Gli animali domestici sono sempre più parte integrante della vita quotidiana degli italiani. Ma a differenza di quanto si potrebbe immaginare, non sono le persone sole – in aumento nel Paese – a fare più spesso spazio a un cane, un gatto o un altro compagno a quattro zampe. I numeri raccontano una realtà diversa, più articolata e sorprendente.
Secondo le stime più recenti, in Italia vivono circa 25,5 milioni di animali domestici, distribuiti in oltre 10 milioni di famiglie, pari a quasi quattro nuclei su dieci. Una presenza significativa, che però non si distribuisce in modo uniforme tra le diverse tipologie familiari.
Famiglie con figli adolescenti in testa
A guidare la classifica sono le coppie con figli dai 14 anni in su, tra le quali più della metà (51,2%) ospita almeno un animale. Percentuali molto simili si registrano anche tra i genitori single con figli adolescenti (48,8%). La presenza di un animale sembra dunque legarsi a un contesto familiare già strutturato, dove i ragazzi più grandi possono contribuire alla gestione quotidiana del nuovo arrivato.
La quota scende leggermente nelle famiglie con bambini più piccoli: 43,3% tra le coppie con figli sotto i 14 anni e 42,5% tra i monogenitori con figli della stessa fascia d’età. Un dato che potrebbe riflettere la maggiore complessità organizzativa legata alla cura dei più piccoli.

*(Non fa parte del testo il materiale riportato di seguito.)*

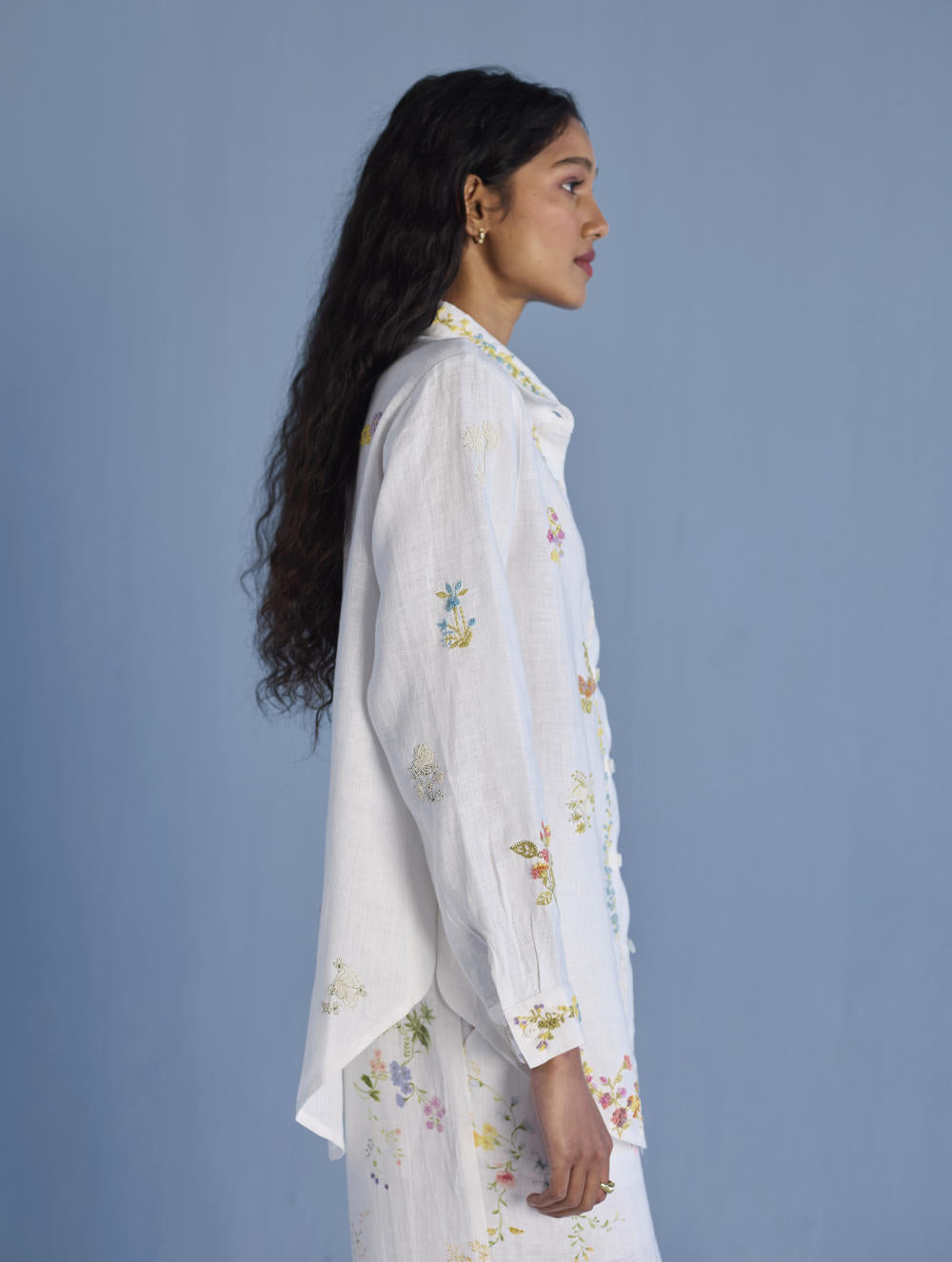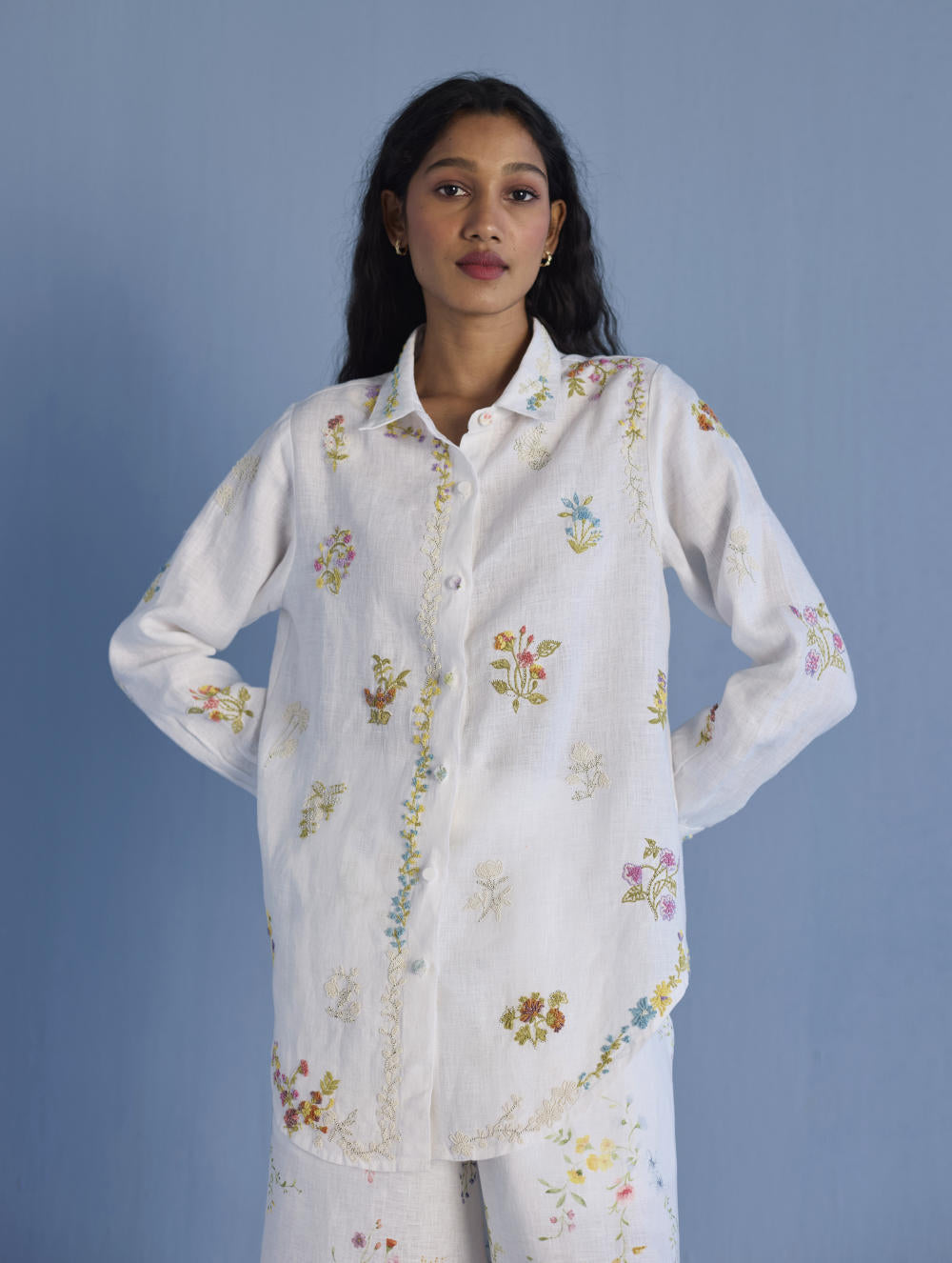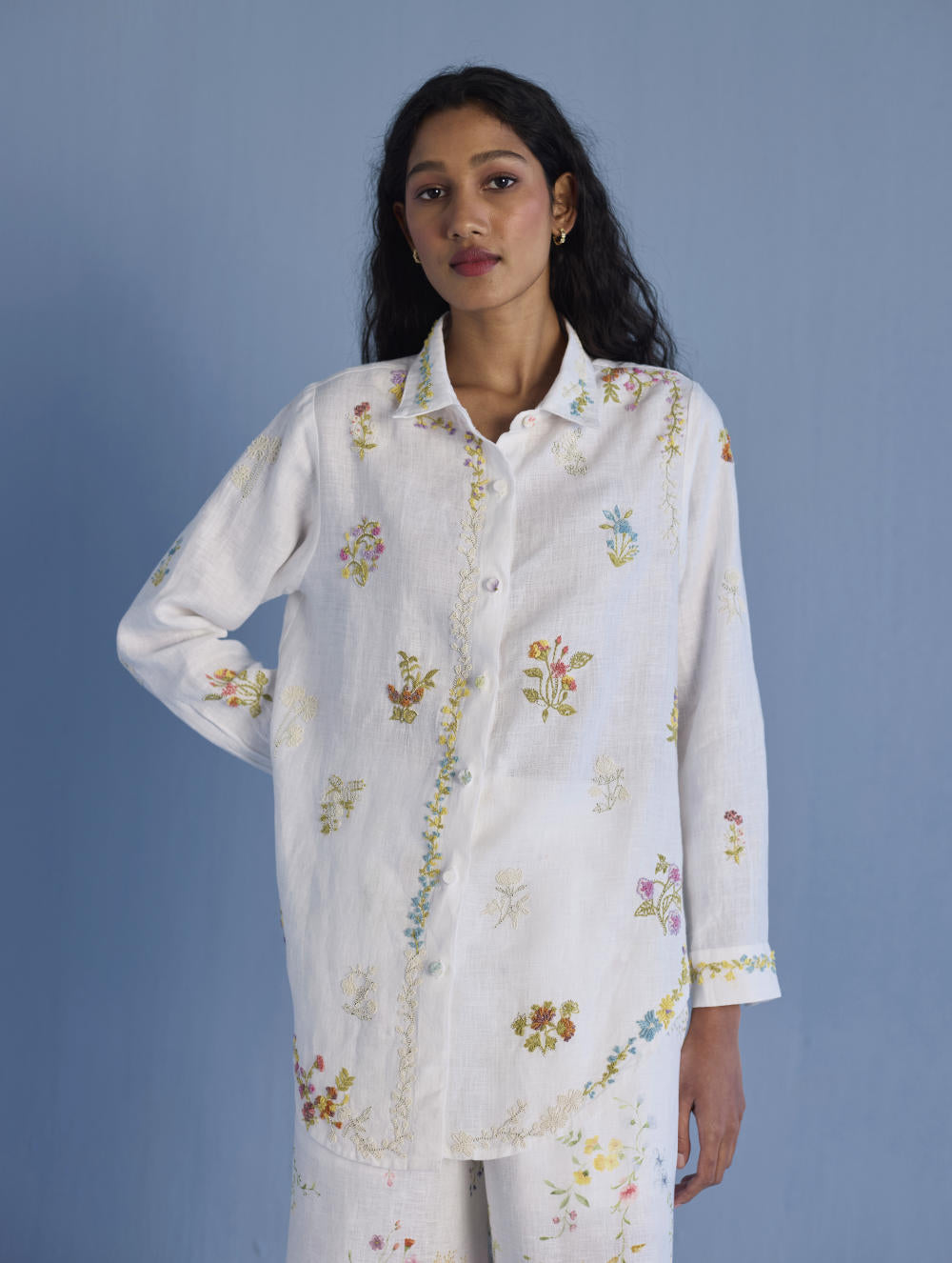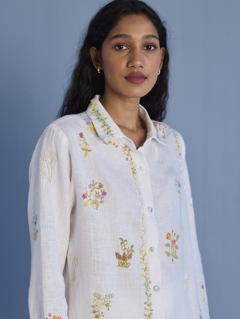 Top - Our favourite statement shirt crafted in our soft signature yarn-dyed linen is meticulously hand-embroidered with delicate, yet textural, floral motifs in mixed materials using multi-colour threads and beads. The shirt is finished with a long side slit detail and floral printed linen buttons.

Coppie giovani senza figli più disponibili degli anziani
Interessante anche il comportamento delle coppie senza figli: quelle con componenti under 65 accolgono animali nel 47,9% dei casi, una percentuale molto elevata che suggerisce un forte desiderio di compagnia o di arricchimento affettivo all’interno del nucleo.
Il quadro cambia però quando almeno uno dei partner supera i 65 anni: in questo caso la disponibilità a prendersi cura di un animale scende al 32,4%, probabilmente per ragioni legate alla salute, alla mobilità o alla gestione quotidiana.
Le persone sole? In fondo alla classifica
Contrariamente allo stereotipo più diffuso, le persone sole sono quelle che meno ospitano animali domestici. Tra gli under 64 la percentuale si ferma al 30,8%, mentre tra gli over 65 scende ulteriormente al 22,7%. Un dato che apre interrogativi sulle difficoltà pratiche, economiche o logistiche che possono scoraggiare chi vive da solo.
Piccoli Comuni, grandi amici a quattro zampe
La geografia del fenomeno mostra differenze marcate: gli animali domestici sono molto meno presenti nelle grandi città, mentre spopolano nei piccoli centri. Nei Comuni con meno di 2.000 abitanti, infatti, la metà delle famiglie possiede almeno un animale. Spazi verdi più ampi, abitazioni più grandi e una maggiore vicinanza alla natura sembrano favorire la scelta.
Cani e gatti dominano, ma i più piccoli piacciono ai bambini
Nella classifica delle preferenze non ci sono sorprese: cani e gatti restano i protagonisti assoluti, presenti in un terzo delle famiglie italiane. Più rari, ma comunque apprezzati soprattutto nelle case con bambini sotto i 14 anni, sono pesci, uccelli e tartarughe, spesso considerati più semplici da gestire e adatti a introdurre i più piccoli alla cura di un animale.